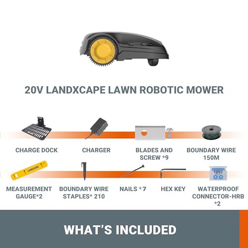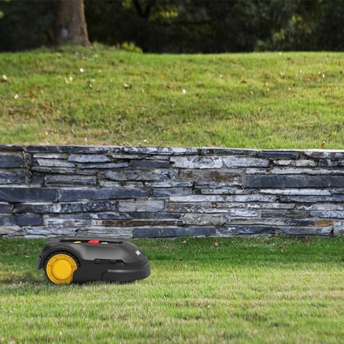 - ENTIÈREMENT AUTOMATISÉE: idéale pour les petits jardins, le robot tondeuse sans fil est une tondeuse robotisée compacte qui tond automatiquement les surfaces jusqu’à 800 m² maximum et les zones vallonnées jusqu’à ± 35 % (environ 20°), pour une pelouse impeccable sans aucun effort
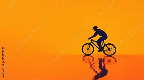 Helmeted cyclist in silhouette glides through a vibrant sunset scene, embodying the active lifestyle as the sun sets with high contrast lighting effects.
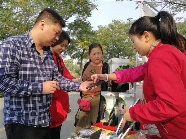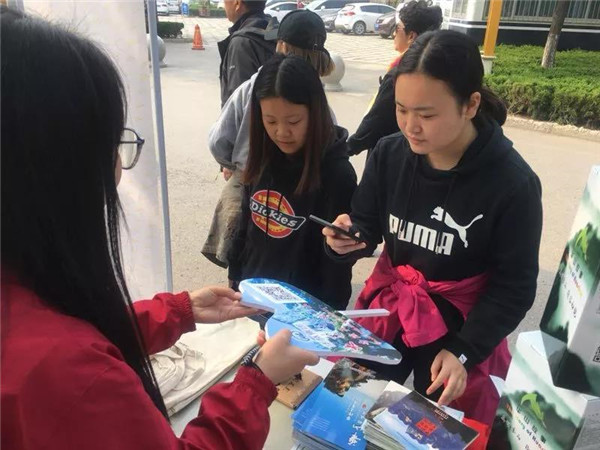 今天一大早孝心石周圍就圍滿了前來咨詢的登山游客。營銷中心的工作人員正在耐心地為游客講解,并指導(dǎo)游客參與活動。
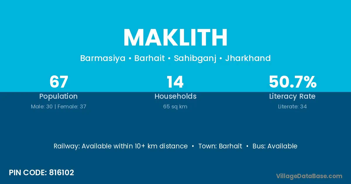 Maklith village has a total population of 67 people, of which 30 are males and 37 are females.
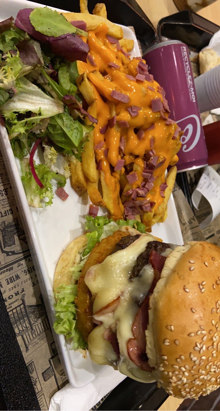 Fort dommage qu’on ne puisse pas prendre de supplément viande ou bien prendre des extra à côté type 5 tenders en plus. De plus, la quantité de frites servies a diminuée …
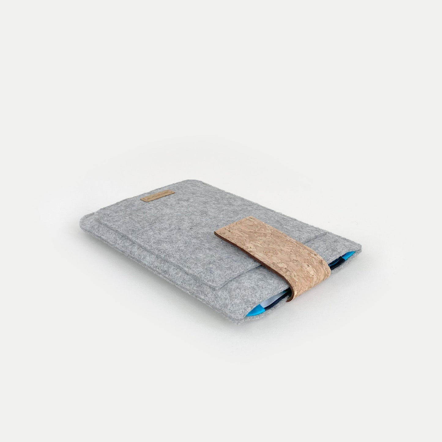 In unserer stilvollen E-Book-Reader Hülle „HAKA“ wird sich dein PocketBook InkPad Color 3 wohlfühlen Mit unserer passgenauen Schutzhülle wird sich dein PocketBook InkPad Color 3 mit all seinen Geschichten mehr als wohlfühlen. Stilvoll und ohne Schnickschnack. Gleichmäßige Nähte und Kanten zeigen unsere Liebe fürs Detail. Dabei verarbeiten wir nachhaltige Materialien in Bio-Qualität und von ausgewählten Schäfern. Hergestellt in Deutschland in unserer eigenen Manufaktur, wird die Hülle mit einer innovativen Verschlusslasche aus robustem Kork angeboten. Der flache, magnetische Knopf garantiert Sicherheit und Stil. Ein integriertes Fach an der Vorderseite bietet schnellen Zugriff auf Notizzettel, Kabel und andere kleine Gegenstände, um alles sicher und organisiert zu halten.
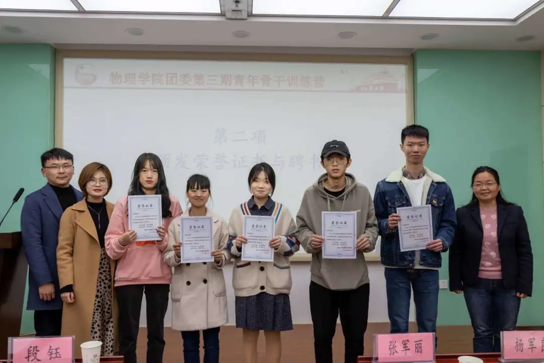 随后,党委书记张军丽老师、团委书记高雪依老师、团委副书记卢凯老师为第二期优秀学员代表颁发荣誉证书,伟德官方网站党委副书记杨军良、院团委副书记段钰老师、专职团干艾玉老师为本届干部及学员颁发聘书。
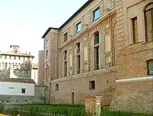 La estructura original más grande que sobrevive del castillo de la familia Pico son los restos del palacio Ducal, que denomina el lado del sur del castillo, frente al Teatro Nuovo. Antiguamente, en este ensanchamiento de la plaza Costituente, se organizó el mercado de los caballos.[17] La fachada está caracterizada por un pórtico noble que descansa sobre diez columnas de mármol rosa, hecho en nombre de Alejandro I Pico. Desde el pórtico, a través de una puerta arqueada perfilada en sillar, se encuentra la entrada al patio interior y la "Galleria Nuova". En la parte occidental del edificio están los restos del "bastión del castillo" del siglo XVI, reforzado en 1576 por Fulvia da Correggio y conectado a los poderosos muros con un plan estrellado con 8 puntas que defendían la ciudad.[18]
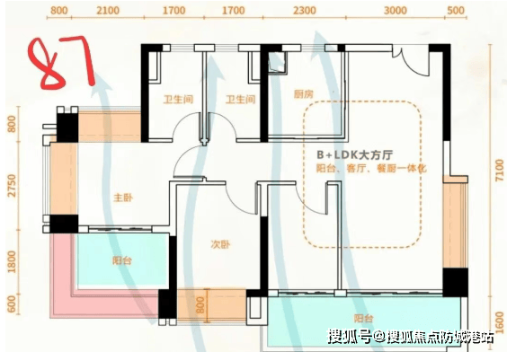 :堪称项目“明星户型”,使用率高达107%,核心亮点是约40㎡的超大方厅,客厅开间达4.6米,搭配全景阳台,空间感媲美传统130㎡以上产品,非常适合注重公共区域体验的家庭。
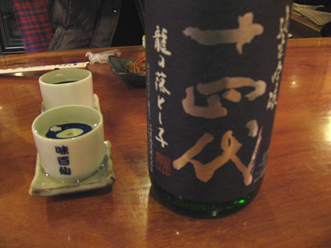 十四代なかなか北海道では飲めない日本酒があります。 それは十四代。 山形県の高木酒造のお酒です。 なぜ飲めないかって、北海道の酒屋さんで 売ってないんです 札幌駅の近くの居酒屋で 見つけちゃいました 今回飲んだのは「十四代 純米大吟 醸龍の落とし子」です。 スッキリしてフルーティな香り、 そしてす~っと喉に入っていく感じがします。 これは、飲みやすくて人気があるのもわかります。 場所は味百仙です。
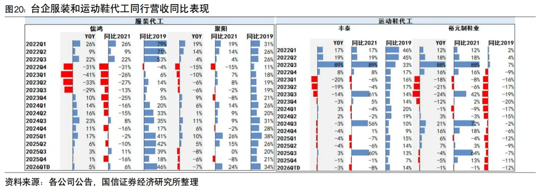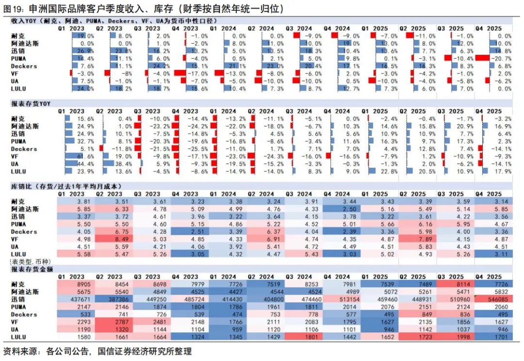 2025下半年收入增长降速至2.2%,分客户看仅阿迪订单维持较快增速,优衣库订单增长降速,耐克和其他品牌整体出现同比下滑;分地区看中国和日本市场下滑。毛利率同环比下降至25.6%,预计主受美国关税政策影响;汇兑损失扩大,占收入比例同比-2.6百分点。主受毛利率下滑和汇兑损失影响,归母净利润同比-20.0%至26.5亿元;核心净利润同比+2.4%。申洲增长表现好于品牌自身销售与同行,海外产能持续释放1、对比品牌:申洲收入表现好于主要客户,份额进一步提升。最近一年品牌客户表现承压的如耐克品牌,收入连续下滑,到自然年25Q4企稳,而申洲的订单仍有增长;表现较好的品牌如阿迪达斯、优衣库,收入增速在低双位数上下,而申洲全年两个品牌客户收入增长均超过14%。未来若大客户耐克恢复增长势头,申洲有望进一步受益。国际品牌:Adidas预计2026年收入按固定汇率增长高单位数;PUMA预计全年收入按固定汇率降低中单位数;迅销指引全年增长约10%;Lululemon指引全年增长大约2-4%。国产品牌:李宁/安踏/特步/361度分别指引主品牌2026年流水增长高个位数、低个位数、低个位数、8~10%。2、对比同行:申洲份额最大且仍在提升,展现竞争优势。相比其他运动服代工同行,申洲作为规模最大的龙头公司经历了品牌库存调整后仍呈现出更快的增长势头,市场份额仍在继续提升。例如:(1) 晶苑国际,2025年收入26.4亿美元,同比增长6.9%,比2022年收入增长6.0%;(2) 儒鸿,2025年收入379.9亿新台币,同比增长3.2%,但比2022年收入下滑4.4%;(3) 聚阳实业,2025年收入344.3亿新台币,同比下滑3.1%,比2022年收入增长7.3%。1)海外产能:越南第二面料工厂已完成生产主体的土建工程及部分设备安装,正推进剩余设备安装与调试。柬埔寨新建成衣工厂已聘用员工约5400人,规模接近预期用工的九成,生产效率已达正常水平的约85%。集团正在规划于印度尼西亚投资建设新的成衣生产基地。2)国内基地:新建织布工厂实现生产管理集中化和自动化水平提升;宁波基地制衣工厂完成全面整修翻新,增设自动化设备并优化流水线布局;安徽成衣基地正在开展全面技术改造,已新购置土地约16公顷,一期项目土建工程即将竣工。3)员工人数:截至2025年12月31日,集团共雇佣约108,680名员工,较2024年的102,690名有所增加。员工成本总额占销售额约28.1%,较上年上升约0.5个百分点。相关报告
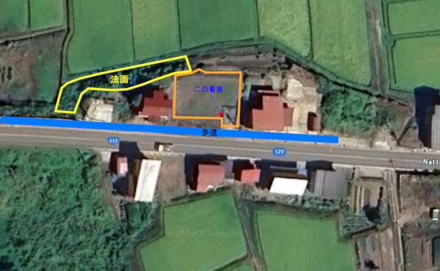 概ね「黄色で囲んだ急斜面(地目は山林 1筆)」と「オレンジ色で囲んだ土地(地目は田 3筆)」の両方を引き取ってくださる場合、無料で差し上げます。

> [PROBLEM STATEMENT]:
Without the pictures, set down the lines above from the line with "In unserer stilvollen" up to and including the line with "随后,党委书记张军丽老师、团" exactly as they stand.

> [RESULT]:
 In unserer stilvollen E-Book-Reader Hülle „HAKA“ wird sich dein PocketBook InkPad Color 3 wohlfühlen Mit unserer passgenauen Schutzhülle wird sich dein PocketBook InkPad Color 3 mit all seinen Geschichten mehr als wohlfühlen. Stilvoll und ohne Schnickschnack. Gleichmäßige Nähte und Kanten zeigen unsere Liebe fürs Detail. Dabei verarbeiten wir nachhaltige Materialien in Bio-Qualität und von ausgewählten Schäfern. Hergestellt in Deutschland in unserer eigenen Manufaktur, wird die Hülle mit einer innovativen Verschlusslasche aus robustem Kork angeboten. Der flache, magnetische Knopf garantiert Sicherheit und Stil. Ein integriertes Fach an der Vorderseite bietet schnellen Zugriff auf Notizzettel, Kabel und andere kleine Gegenstände, um alles sicher und organisiert zu halten.
 随后,党委书记张军丽老师、团委书记高雪依老师、团委副书记卢凯老师为第二期优秀学员代表颁发荣誉证书,伟德官方网站党委副书记杨军良、院团委副书记段钰老师、专职团干艾玉老师为本届干部及学员颁发聘书。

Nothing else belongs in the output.